— What needs to be done —
Transcribe the full listing without changing a word, and omit its pictures.
*** Collected data ***
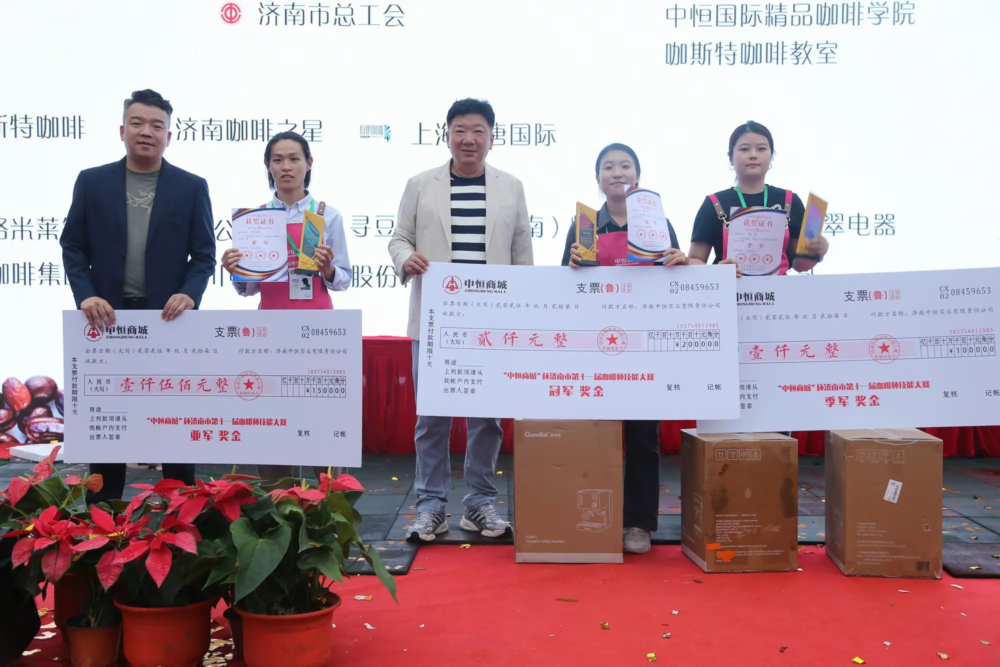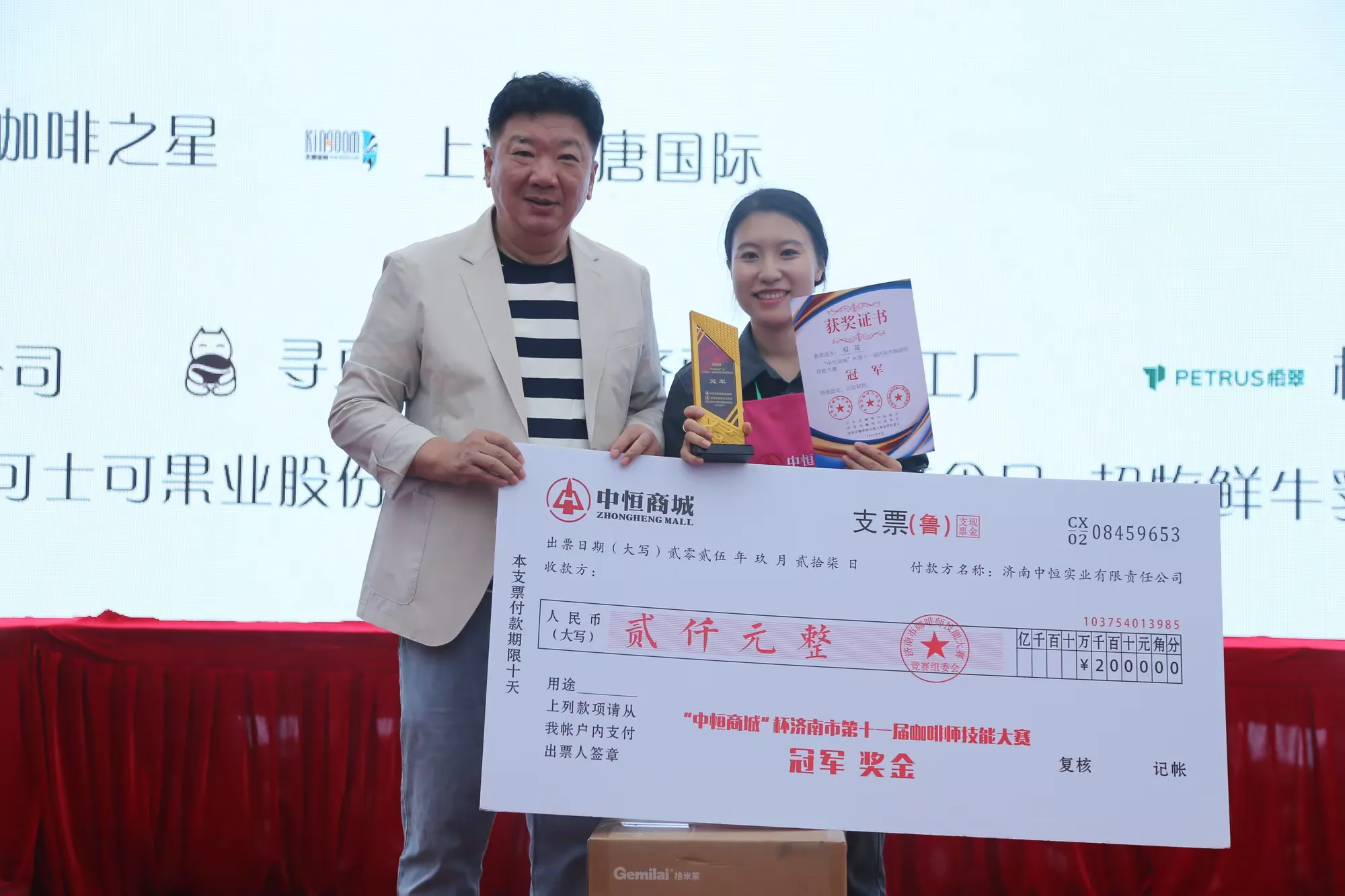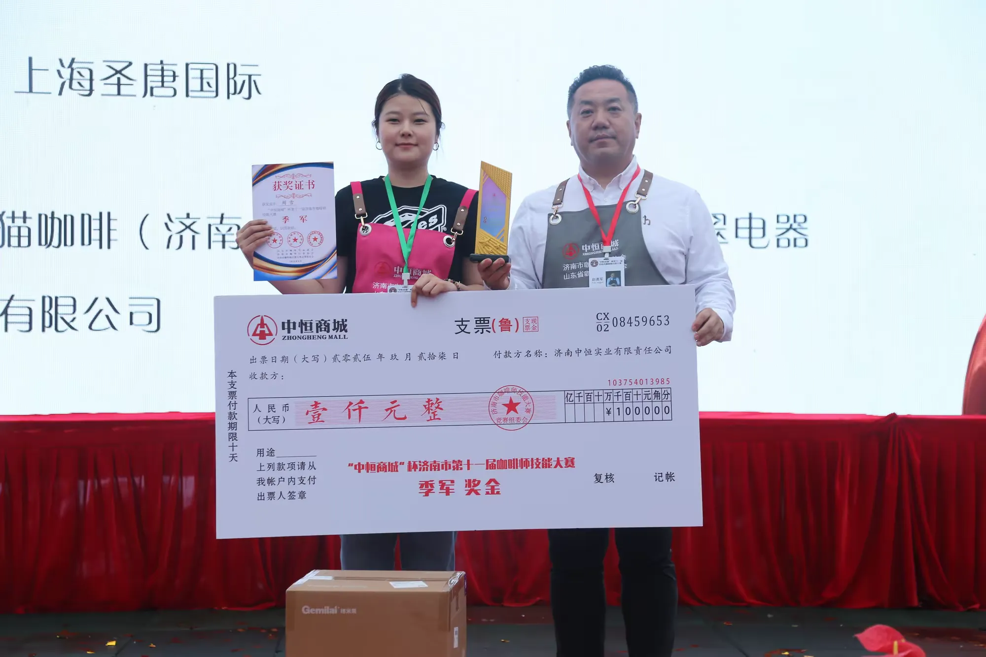 山东省咖啡饮品商会会长、中恒商城党委书记、总经理刘磊,为获得冠军的选手程苗颁奖。
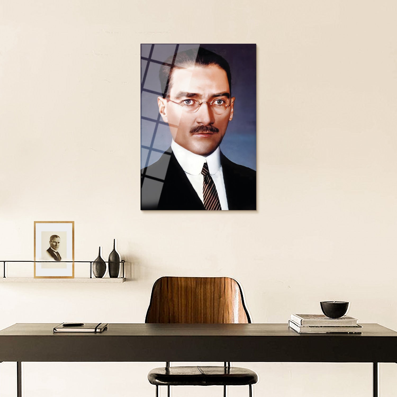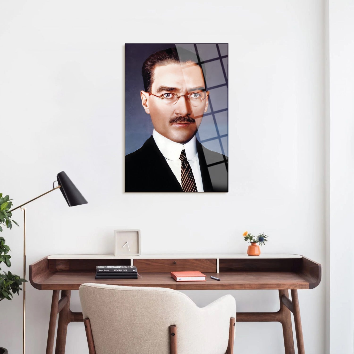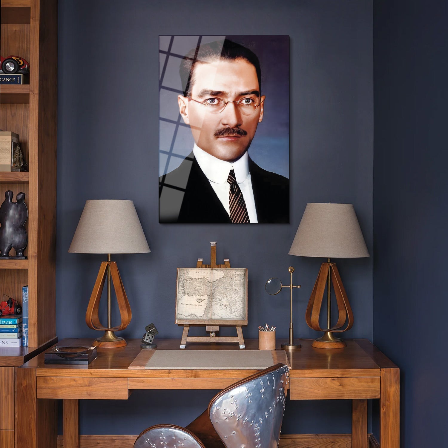 Atatürk henüz Kurtuluş Savaşı yıllarında. 1921 kışında Ankara’ya gelen Amerikalı bir gazeteci, Atatürk’ün çekilen ilk gözlüklü bu fotoğrafı için şöyle yazar: “Onu gözlükleriyle ve kalpaksız görün profesöre benzer bir edası var. Yüzünde idealist (hayalperest) bir şey var, özellikle gözlerinde, ama hayallerini gerçekleştiren bir hayalpereste ait.”
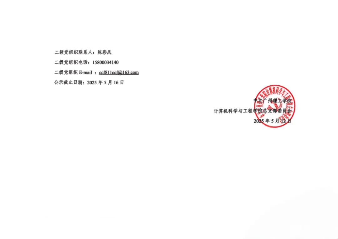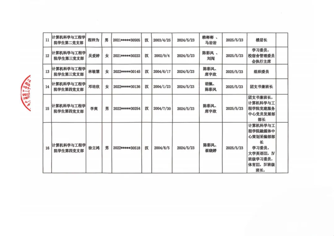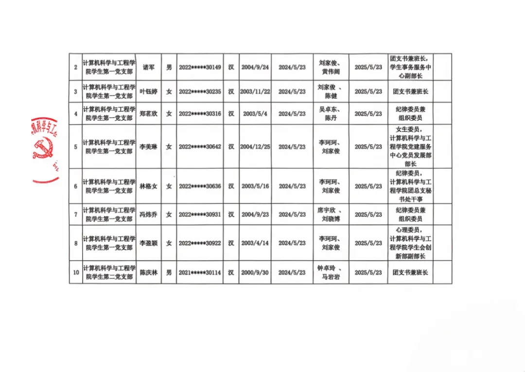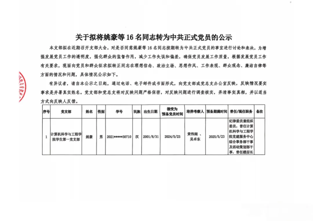 计算机科学与工程学院2024-1期预备党员拟转正公示
*** End of Collected data ***
— Answer section —
 山东省咖啡饮品商会会长、中恒商城党委书记、总经理刘磊,为获得冠军的选手程苗颁奖。
 Atatürk henüz Kurtuluş Savaşı yıllarında. 1921 kışında Ankara’ya gelen Amerikalı bir gazeteci, Atatürk’ün çekilen ilk gözlüklü bu fotoğrafı için şöyle yazar: “Onu gözlükleriyle ve kalpaksız görün profesöre benzer bir edası var. Yüzünde idealist (hayalperest) bir şey var, özellikle gözlerinde, ama hayallerini gerçekleştiren bir hayalpereste ait.”
 计算机科学与工程学院2024-1期预备党员拟转正公示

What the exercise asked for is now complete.